# Advance Pitstop…car service price confusion



## Squonk (6 Aug 2009)

I have used Advance Pitstop in the past for my car servicing. They are convenient and seem to do a good job.  I dropped my car in to day for a full service. My car is 1.6L. I was expecting to pay €180 minus the 10% discount that they are advertising at the moment on their leaflets in the garage and online at http://www.advancepitstop.com/index.php?id=38. So I expected to pay €162 assuming no extra work was needed. I have paid along these lines in the past.

I picked the car up at lunchtime and was asked for €210 (with no additional work done)! Yer man in charge said the €180 price only applied to cars up to 1.1 litre, news to me! I asked him did the €210 already include the 10% discount and he said it did (which would have made the service approx €233 before discount, not exactly a round number!). I wasn’t happy but I saw little choice but to pay. As my credit card was being processed I looked at the posters in the shop and they explicitly said that a 1L to 2L service is €180 (in a small footnote mind), and €210 for engine sizes above that. Yer man said that the €210 price is what his computer was telling him (where did the 10% discount go??). Anyway after some to-ing and fro-ing he refunded me €48 (€210-(€180-10% discount)).

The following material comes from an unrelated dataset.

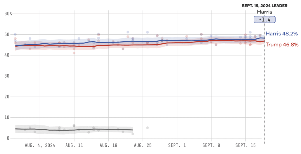 My suspicion is we’re still seeing two effects: that of RFK endorsing Trump, which may have helped Trump by a point (indeed, some polls aren’t including him in states, like WI and MI, where he remains on the ballot) and the debate and Taylor Swift endorsement, which may have helped Harris by up to three.

I left the shop still confused, and I think yer man in the shop was confused too. Were the posters in the garage out-of-date? Should the price for a 1.6L actually have been €210 minus 10% = €189??? A little higher than the ‘old’ price of €180 but you feel good because you got a 10% discount?? Looking at their website they give vague details on pricing…."from only €180" they state with no further details as far as I can see.

Anyway, I think the lesson here is to get a clear price beforehand.


----------



## JamesGG (12 Aug 2009)

Advance have crept up over the years. I just look for reputable local type places now. I mean tracking in them places is like 90euro. Its 40 -50 in a local place.


----------